– У гаишников нельзя, – хмуро отозвался он, – у нас свой отдел и свое помещение. С техникой и собаками. И работа наша – секретная.
– Собачки специально натасканы? – желая завязать контакт, продолжил Левченко каким-то противным, чужим, подрагивающим голосом. – Правда, что их специально приучают принимать наркотики, чтобы потом они без них жить не могли и искали? А, товарищ лейтенант?
– Это – военная тайна, – сухо ответил Аронов.
– Да бросьте вы, товарищ лейтенант! Об этом все давным-давно знают. Газеты не раз писали… И я знаю.
– Ну, раз знаете, тогда чего же спрашиваете?
– Да так, – Левченко приподнял одно плечо, потерся о него щекой. – Интересно же знать из первоисточника. Газеты – это одно, а первоисточник – другое.
Аронов промолчал, ничего не ответил. Сощурив глаза, он напряженно смотрел на "канарейку", идущую впереди, и думал о том, куда свернет Каукалов. Подходящих мест на Минском шоссе уже вроде бы и не осталось. Может, у Каукалова есть на примете что-то такое, о чем Аронов не знает? Или он доедет до Кольцевой дороги и там свернет? Налево или направо?
Пока Аронов задавался этими вопросами, Каукалов доехал до мотеля, серой угрюмой громадой вставшего справа от шоссе, и свернул на хорошо отремонтированную, украшенную новыми фонарями кольцевую бетонку. Похоже, Каукалов решил следовать некой неписаной волчьей заповеди: не охотиться там, где живешь, и не поедать добычу там, где охотишься… На бетонном кольце глухих мест, где можно спрятать кого угодно, хоть целый год, предостаточно. Гораздо больше, чем на Минском шоссе. Левченко покорно повел свой КамАЗ следом за "канарейкой".
– Кто же это вам сказал, товарищ лейтенант, что у меня в машине могут быть наркотики? – безуспешно пытался он разговаривать Аронова. – Чушь какая-то… Бред!
Аронов молчал, не отвечал разговорчивому водителю, лишь изредка косил на него глазом. Он вообще старался не выпускать водителя из вида – мало ли что тот может отчебучить по дороге – с такими болтливыми ребятами ухо надо держать востро. Он выразительно приподнимал с коленей автомат и вновь опускал его.
– Оперативные данные, значит, – не унимался Левченко, оторвал от руля руки и возмущенно вскинул их к потолку, – какой-то гад настучал, возвел напраслину, но грешником себя небось не чувствует…
И на это Аронов ничего не сказал. Небо посерело, тяжело и устало опустилось на землю, асфальт сделался блестящим, влажным, из облаков посыпала мелкая клейкая морось.

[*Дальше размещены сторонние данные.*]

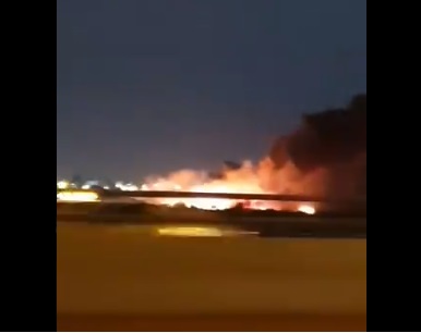 ونشر احد المغردين من السعودية على موقع تويتر، قيديو للنيران المشتعلة، قال انه قام بتصويره من مسافة بعيدة من على كبري الميناء.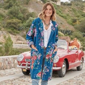 Brand New, Never worn. Vintage, floral printed topper featuring gingham lining. Notch lapel, button placket at cuff. Linen/cotton. Machine wash. Imported.
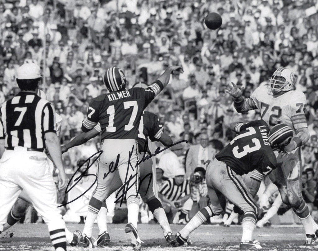 This is an 8x10 Photo that has been hand signed by Billy Bill Kilmer. This item is guaranteed to pass any third party authentication company including Beckett, PSA/DNA, & JSA authentication.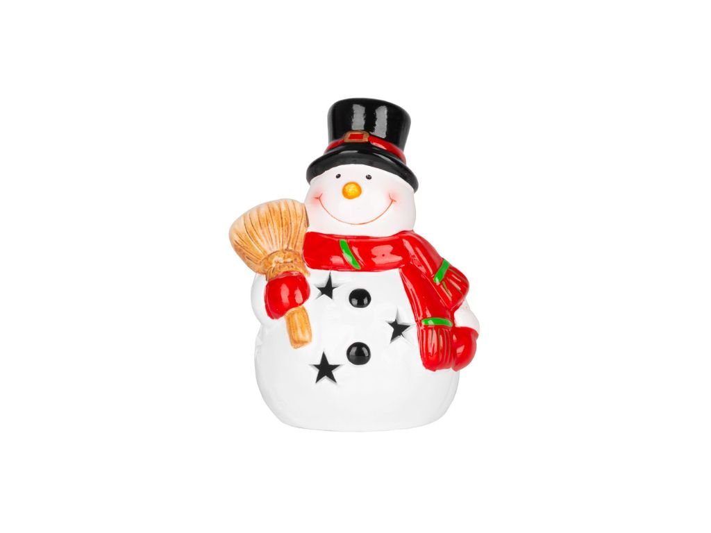 Dekorácia MagicHome Vianoce, Usmiaty snehuliak, LED, terakota, 8,5x8,2x12,5 cm

– Во, вражина! – выругался водитель. – Эта пыль – самая гадкая из всех. Колеса на ней юзят, будто в масле, не удержать!
"Жигуленок" Каукалова замигал правым поворотным фонариком, съехал на узкую боковую дорожку.
– Мне следом? – спросил водитель у Аронова.
Похоже, что Каукалов все делал с ходу, с лету, без предварительной подготовки, хотя это место он, вполне возможно, подобрал заранее. Только напарнику не сообщил.
– Следом? – вновь спросил водитель.
– Следом, – ответил Аронов, чувствуя внутри нехороший холодок. Его охватило беспокойство.
Метров через двадцать дорожка сузилась еще более, ехать по ней стало опасно, и Каукалов, предупреждающе мигнув красными огнями тормоза, остановился. КамАЗ тоже остановился.
– Ну и местечко вы себе выбрали! – мотнул головой водитель и нервно хихикнул. – Ни за что не догадаешься, что вы здесь находитесь!
Повернулся в одну сторону, стараясь разглядеть какое-нибудь строение, где могла разместиться милицейская контора по борьбе с наркотиками, – ничего, повернулся в другую – тоже ничего.
– Да, – произнес он одобрительно, – хорошо замаскировались! Даже из космоса не засечь!
– Служба такая, – неопределенно произнес Аронов и, увидев, что Каукалов выбирается из "канарейки", скомандовал: – Выходим!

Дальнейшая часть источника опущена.